Using Scala version 2.12.10 (Java HotSpot(TM) 64-Bit Server VM, Java 1.8.0_181)
Type in expressions to have them evaluated.
Type :help for more information.

scala> [root@rhel1 bin]#

Run spark-submit to further verify if the environment is all-set for Spark 3.0

./bin/spark-submit --class org.apache.spark.examples.SparkPi  --master yarn     --deploy-mode cluster     --driver-memory 4g     --executor-memory 2g     --executor-cores 1   examples/jars/spark-examples*.jar     10

Use the below command in case if you need to kill all the application with RUNNING status for clean up before you submit more jobs. It is optional, it makes it easier to identify jobs in YARN GUI.

Kill all running app

# for x in $(yarn application -list -appStates RUNNING | awk 'NR > 2 { print $1 }'); do yarn application -kill $x; done

Get TensorFlowOnSpark

Get TensorFlowOnSpark by running the following commands:

# git clone https://github.com/yahoo/TensorFlowOnSpark.git
# cd TensorFlowOnSpark/
# zip -r tfspark.zip tensorflowonspark
# ls
# hdfs dfs -ls /user # hdfs dfs -ls /user/root

Upload the zip to HDFS

 # hdfs dfs -put tfspark.zip /user/root/.
 # hdfs dfs -ls /user/root

Get tensorflow-hadoop

Either download the `tensorflow-hadoop` jar from the public [maven repository](https://mvnrepository.com/artifact/org.tensorflow/tensorflow-hadoop/) or [build it from source](https://github.com/tensorflow/ecosystem/tree/master/hadoop). Put the jar onto HDFS for easier access:

# wget https://repo1.maven.org/maven2/org/tensorflow/tensorflow-hadoop/1.15.0/tensorflow-hadoop-1.15.0.jar

Upload the .jar file to HDFS

# hdfs dfs -put tensorflow-hadoop-1.15.0.jar /user/root/.

Download cuDNN

cuDNN can be downloaded from the following link. This requires user credentials. If you don't have one, you have to create it.

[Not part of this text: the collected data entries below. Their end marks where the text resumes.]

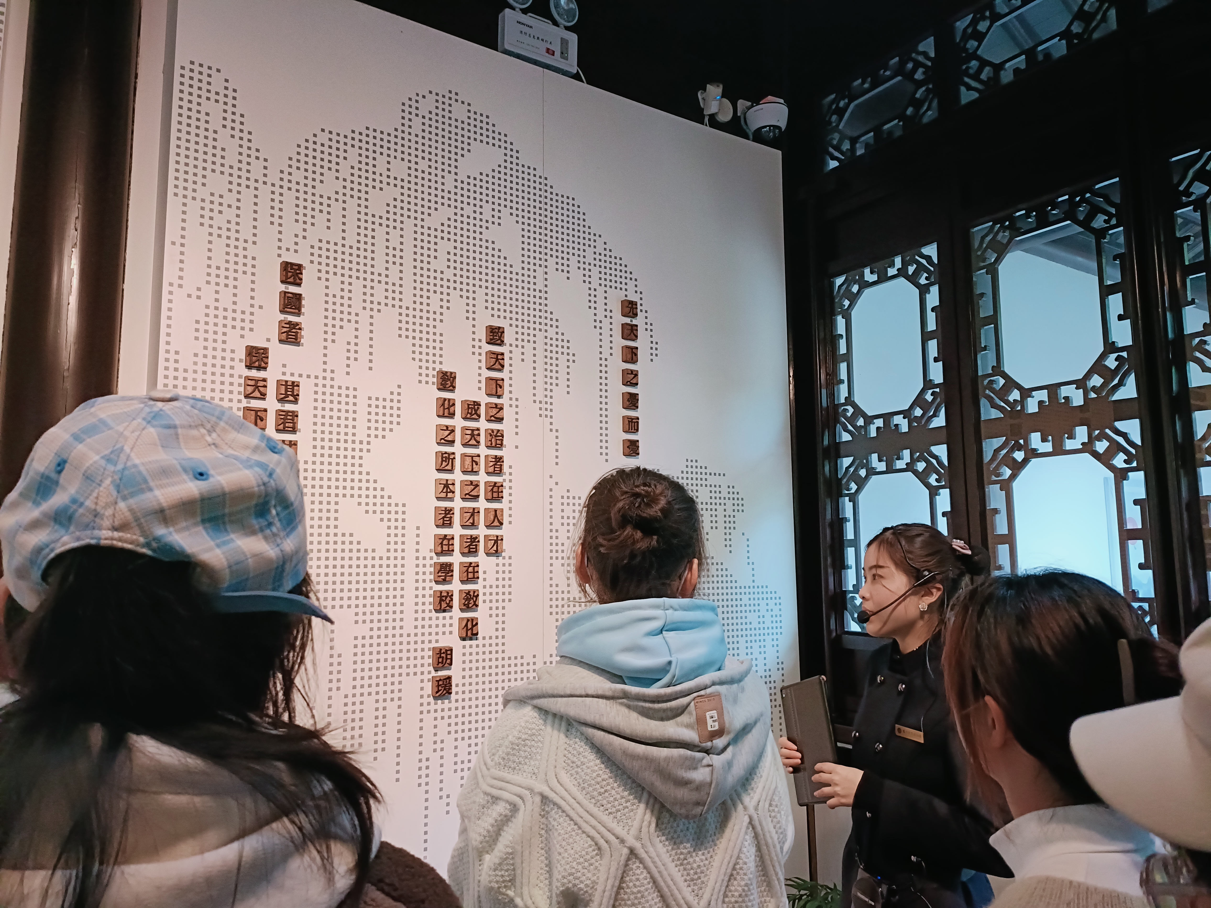 之后,大家进入馆内了解古代人才的选拔制度以及古人读书方式。通过画轴和影像,还原当时场景。鸳鸯厅内呈现南方北圆的建筑特点,与“阴阳互运,和谐共生”理念相呼应。听取了对苏州的四大书院如和靖书院,鹤山书院、紫阳书院、正谊书院以及其历任山长的介绍。在私塾模拟场景中,以动画的形式,生动地还原了当时学子读书场景。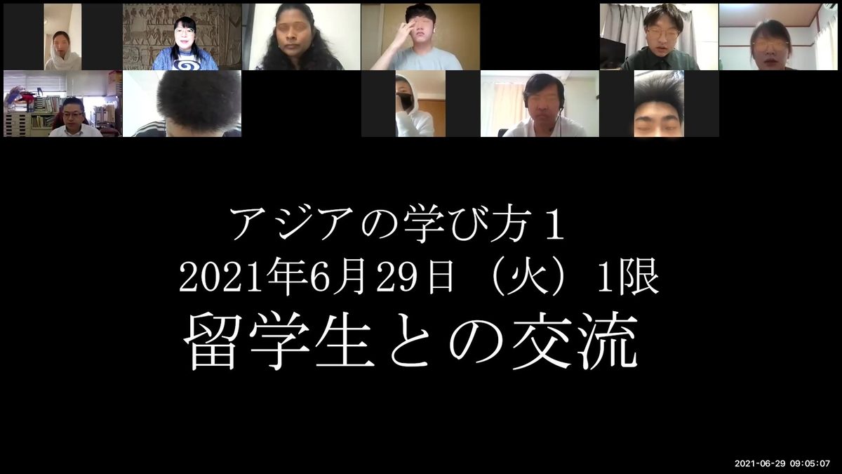 文化社会学部アジア学科では6月29日にオンラインで、1年次生を対象とした「留学生との交流会」を開催しました。本学ではアジアを中心に各国から多くの留学生を受け入れていることから、学生に各国の文化や生活について学ぶ機会を創出しようと、本学科の開講科目「アジアの学び方1」の一環で毎年交流会を実施しています。今回は新型コロナウイルス感染症拡大の影響によりWEBビデオ会議システム「Zoom」上で実施し、留学生15名を含む約75名の学生が参加しました。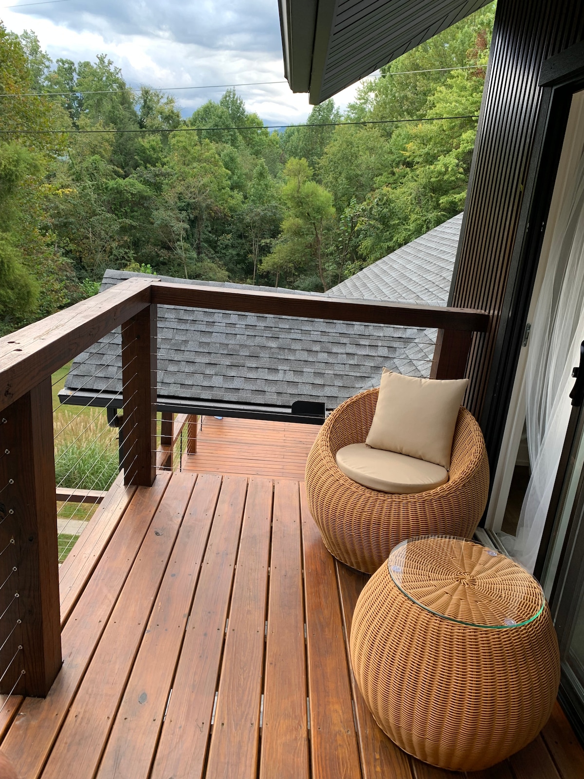 Ruby’s Cliffside is an amazing Studio (but with sleeping for 6 on 2 different levels), 2 Bath vacation home located at the top of Bluff Mountain. The views from this magnificent property are unlike any view in the entire area! Bring your binoculars to see Downtown Knoxville on a clear day from either of the home’s 2 spacious decks. Ruby’s Cliffside offers peace and serenity from the chaos of everyday life. The amenities of this home are just as unique as its architectural design.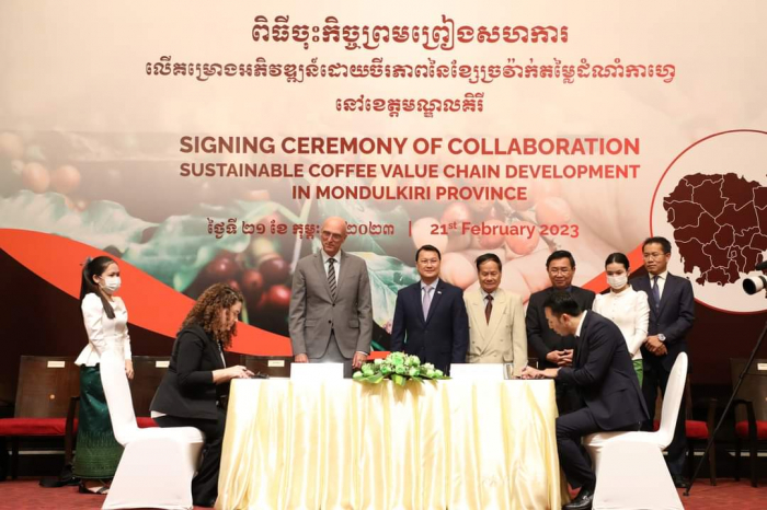 នាព្រឹកថ្ងៃទី២១ ខែកុម្ភៈ ឆ្នាំ២០២៣ ឯកឧត្តម ឌិត ទីណា រដ្ឋមន្ត្រី ក្រសួងកសិកម្ម រុក្ខាប្រមាញ់ និងនេសាទ និងថ្នាក់ដឹកនាំ បានអញ្ជើញចូលរួមជាអធិបតីពិធីចុះកិច្ចព្រមព្រៀងផ្តល់ហិរញ្ញប្បទានអភិវឌ្ឍន៍គម្រោងខ្សែច្រវាក់តម្លៃដំណាំកាហ្វេនៅខេត្តមណ្ឌលគិរី នៅសណ្ឋាគារ សូហ្វីតែលភ្នំពេញ។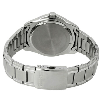 Stainless steel case with a stainless steel bracelet. Fixed stainless steel bezel. Blue dial with luminous silver-tone hands and index hour markers. An Arabic numeral appears atthe 12 o'clock position. Minute markers around the outer rim. Dial Type: Analog. Luminescent hands and markers. Three multi-function sub-dials displaying: date, day of the week and 24 hour. Quartz movement. Scratch resistant mineral crystal. Pull / push crown. Solid case back. Round case shape. Case size: 41 mm. Case thickness: 10 mm. Band width: 18 mm. Fold over clasp with a push button release. Water resistant at 100 meters / 330 feet. Functions: date, day, hour, minute, second, 24 hour. Casual watch style. Watch label: Japan Movt. Citizen Quartz Blue Dial Stainless Steel Men's Watch AG8300-52L.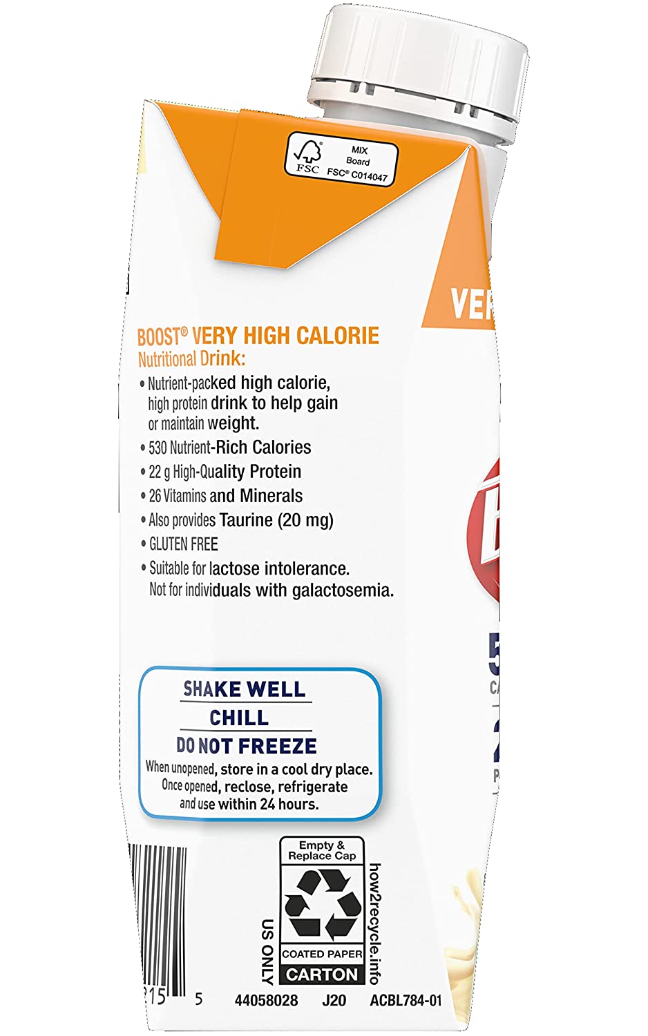 • COMPLETE BALANCED NUTRITION: BOOST Very High Calorie is a calorically-dense balanced nutritional drink & can be used as a snack or mini meal.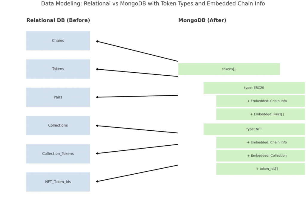 Another major advantage I found with MongoDB was the ability to seamlessly expand to new blockchains and token types. In a traditional relational setup, onboarding a new chain often required creating additional tables, modifying foreign key relationships, and updating resolvers or GraphQL schemas to support new data structures.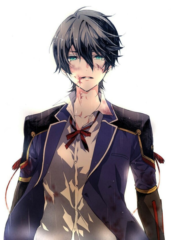 黑暗系动漫男生图片,要有背景,人物最好是黑头发蓝眼睛,当然有血更好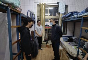 为深入落实公司疫情防控“八个一”措施,严格管理好员工,严防员工出现违反校纪校规行为, 3月12日、16日和17日晚,生命科学公司党委书记王永生、党委副书记陈敏、辅导员毛祥忠、陈哲一行走访员工宿舍。对走访排查出的4名未履行请假手续擅自离校的员工,及时上报公司予以严肃处理,切实以严的态度保障员工的身体健康和生命安全。

https://developer.nvidia.com/rdp/cudnn-download

 

Picture1.png

 

Download Redhat version in your client machine. In this setup, we downloaded cuDNN for CUDA 10.1

https://developer.nvidia.com/rdp/cudnn-download

# tar -xvzf cudnn-10.1-linux-x64-v7.6.5.32.tgz
# cd cuda/
# zip -r cudnn.zip *

Upload the cudnn.zip file to HDFS

# hdfs dfs -put cudnn.zip /user/root/.

Download TensorRT

Download TensorRT from the NVIDIA developer site.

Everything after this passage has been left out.